How to understand this form (something) (param);

[john_woo]

Hi,

I've read/used JavaScript for more that 2 years, but still don't
understand the following:

(function($) {
//when the DOM is ready...
window.addEvent('..,function() {

/* ALL JAVASCRIPT WILL BE IN HERE */

});
})(document.id);

Can any one tell:
1. any document explain this () () format;
2. what do the first and second () mean;
3. what does $ represent;
4. Does the inner statement like "window.addEvent..." work globally;
5. How to call its inner function from outside;
6. What's the advantage declare like this ()(), can this prevent
memory leak?

 

[Gabriel Gilini]

Hi,

I've read/used JavaScript for more that 2 years, but still don't
understand the following:

(function($) {
//when the DOM is ready...
window.addEvent('..,function() {

This line throws a SyntaxError.
http://jibbering.com/faq/#posting read "Posting Code."

/* ALL JAVASCRIPT WILL BE IN HERE */

});
})(document.id);

Can any one tell:
1. any document explain this () () format;

This is a FunctionExpression.
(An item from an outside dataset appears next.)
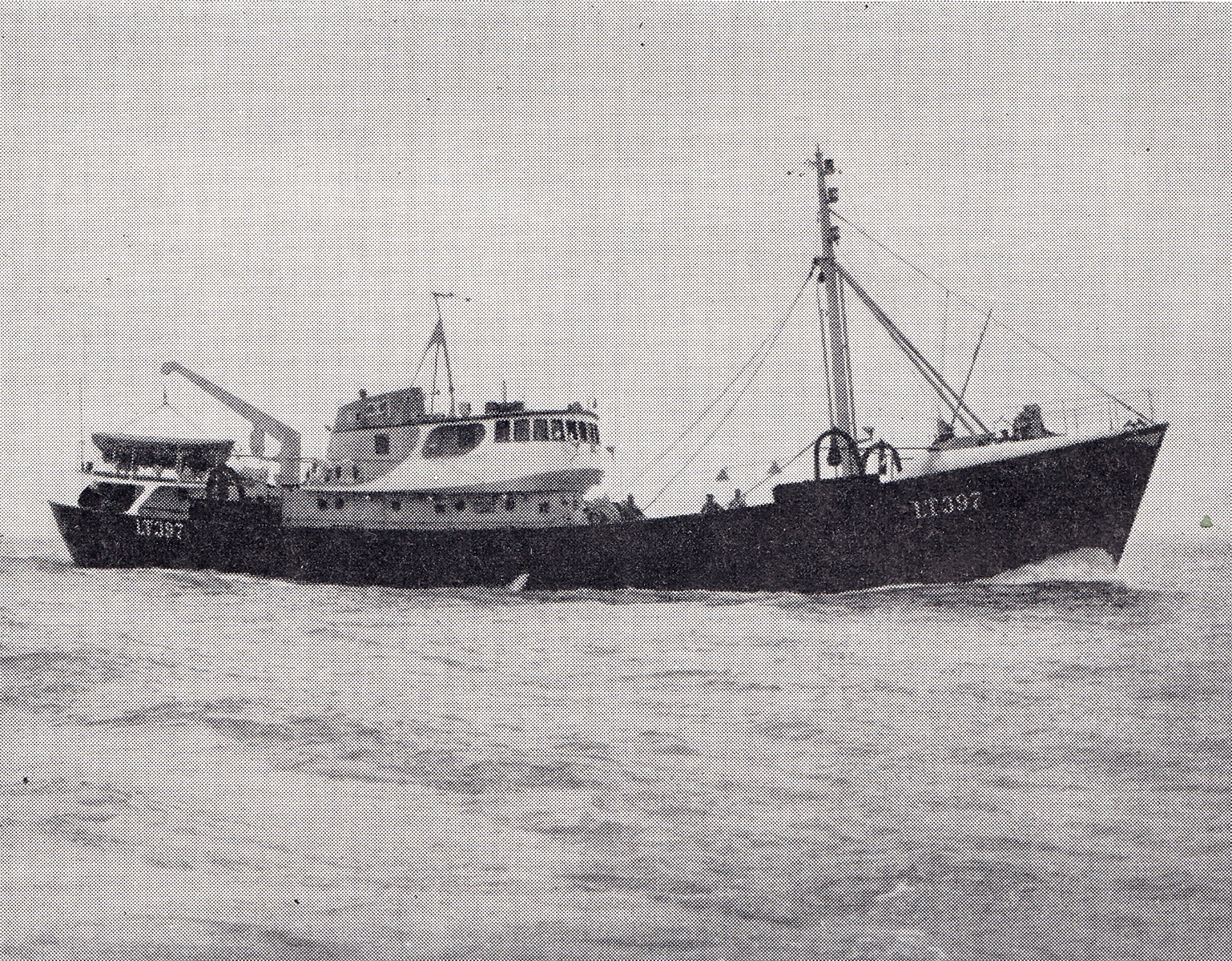 This is an advertisement for the Richards Shipbuilders, Crown Works, Lowestoft. The trawler is LT397, the "Suffolk Kinsman".

You can see its formal definition in the
language specification[1], and kangax has a nice article on named
function expressions which explains the differences from
FunctionDeclaration and FunctionExpression[2].

2. what do the first and second () mean;

The first pair of parenthesis acts as grouping operators, and is
optional. The second one contains the arguments that will be passed to
the expression.

3. what does $ represent;

`document.id', whatever that property contains.
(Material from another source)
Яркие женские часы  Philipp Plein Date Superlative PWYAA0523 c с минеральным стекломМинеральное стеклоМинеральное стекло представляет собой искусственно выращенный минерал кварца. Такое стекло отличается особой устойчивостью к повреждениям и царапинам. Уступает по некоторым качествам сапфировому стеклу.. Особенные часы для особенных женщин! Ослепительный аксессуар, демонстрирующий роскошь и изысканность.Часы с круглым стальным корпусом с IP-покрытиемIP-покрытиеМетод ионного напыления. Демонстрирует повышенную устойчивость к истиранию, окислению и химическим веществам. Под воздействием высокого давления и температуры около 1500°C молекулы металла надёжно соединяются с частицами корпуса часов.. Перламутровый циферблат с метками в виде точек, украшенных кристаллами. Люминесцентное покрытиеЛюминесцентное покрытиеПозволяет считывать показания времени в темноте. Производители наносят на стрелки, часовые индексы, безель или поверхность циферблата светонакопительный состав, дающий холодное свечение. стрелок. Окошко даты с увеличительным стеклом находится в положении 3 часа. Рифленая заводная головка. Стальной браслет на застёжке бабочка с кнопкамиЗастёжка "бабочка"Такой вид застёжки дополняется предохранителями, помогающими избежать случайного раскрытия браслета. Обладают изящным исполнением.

4. Does the inner statement like "window.addEvent..." work globally;

It is executed in the same context which the program was before. So if
that expression is placed on the Global context, it will be executed in
the Global context[3].

5. How to call its inner function from outside; You can't.
6. What's the advantage declare like this ()(), can this prevent
memory leak?

No, it usually causes memory leaks by creating circular references[4].

[1]
http://www.ecma-international.org/publications/files/ECMA-ST/ECMA-262.pdf
[2] http://yura.thinkweb2.com/named-function-expressions/
[3] http://jibbering.com/faq/faq_notes/closures.html#clExCon
[4] http://jibbering.com/faq/faq_notes/closures.html

HTH

 

[John_Woo]

Hi,
I've read/used JavaScript for more that 2 years, but still don't
understand the following:
 (function($) {
     //when the DOM is ready...
     window.addEvent('..,function() {

This line throws a SyntaxError.
http://jibbering.com/faq/#postingread "Posting Code."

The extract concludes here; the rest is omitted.